Hi @btucker,
Several of Terraform’s expected behaviors rely on the idea that each remote object is tracked by exactly one resource instance in exactly one state, and so Terraform has no built-in mechanisms to intentionally replicate an object into a second state.
It sounds like the crux of your problem is that you are using terraform_remote_state
to share data between different configurations and so you’ve run into one of the classic disadvantages of that: it forces using the same artifact for Terraform’s own state tracking as for distributing data to other configurations, and therefore the location of the state for a configuration becomes part of its public interface rather than being an implementation detail.
As a historical sidebar, you can see me learning about that disadvantage and proposing a solution to it at a time when I was using Terraform at another company and not yet working on Terraform at HashiCorp. That discussion is what led to the eventual proposal of generalized data sources and then, some time later after several others encountered similar problems, the recommendation not to use terraform_remote_state
.
Of course, it’s not helpful in your situation for me to say "you shouldn’t have used terraform_remote_state
" and so although I would recommend planning to transition away from it in the future for this reason, I will focus my comment here on what you might do within your existing design in order to complete your imminent migration.
That terraform_synthetic_state
resource I proposed in the PR I linked above was essentially a formalization of how I’d addressed a similar problem myself manually: I wrote a small program that would fetch the Terraform state, extract just the output values portion of it, and construct something that was shaped the same way as a Terraform state but only included the output values. I then published that “state stub” at the old location so that the old referrers could still find it there with terraform_remote_state
, but because that “stub” included no resource instances there was no risk of someone trying to use it as a real state for an active configuration and thus violating Terraform’s assumption that a particular object would be managed only in one place.

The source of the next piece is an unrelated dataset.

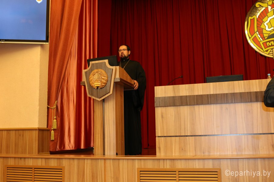 Руководитель отдела по взаимодействию с Вооруженными Силами и правоохранительными органами Гомельской епархии протоиерей Игорь Ольшанов выступил с докладом: «Духовно-нравственное воспитание молодежи как составная часть воспитания патриотизма».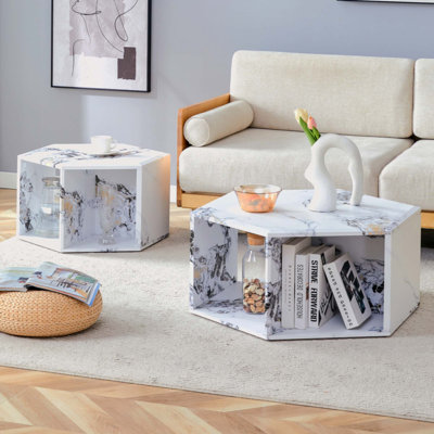 Modern Minimalist Hexagonal Coffee Table Set.Hexagonal MDF Coffee Table, Characteristic Pattern Stickers, Multi-Hole Design To Give More Storage SpaceBlack and White Color Scheme: The coffee tables are made of black MDF material with a sticker featuring white textures, creating a striking black and white contrast that showcases a modern minimalist style.Hexagonal Creative Design: The unique hexagonal shape adds a touch of creativity and personality to the living rooIvy Bronx

I don’t have any part of that temporary workaround available to me anymore because it was owned by my old employer and has long ceased to be necessary anyway (we did eventually transition away from terraform_remote_state
), but the essence of it was an extra step to be run after terraform apply
completes, which uses terraform state pull
to fetch the state, some hacky scripting to remove all of the tracked resource instances, and then directly (without using Terraform CLI) write the resulting state stub into the physical location where the other configurations expect to find it.
In our case we were using a mixture of Amazon S3 and Consul to store the states, so that last step of writing the stubs used the Amazon CLI and a small wrapper around the Consul API respectively, because that ended up being simpler than convincing Terraform itself to write state to an arbitrary location. (The terraform_synthetic_state
resource would’ve avoided that being a separate step, but that wasn’t accepted for good reasons you can see in the discussion there.)
I’m sorry I don’t have a more polished answer for you here. I hope that the migration you are attempting will move relatively swiftly and so whatever workarounds you build to support the migration process will be short-lived and therefore not create long-term technical debt. I hope this gives you some ideas to start from!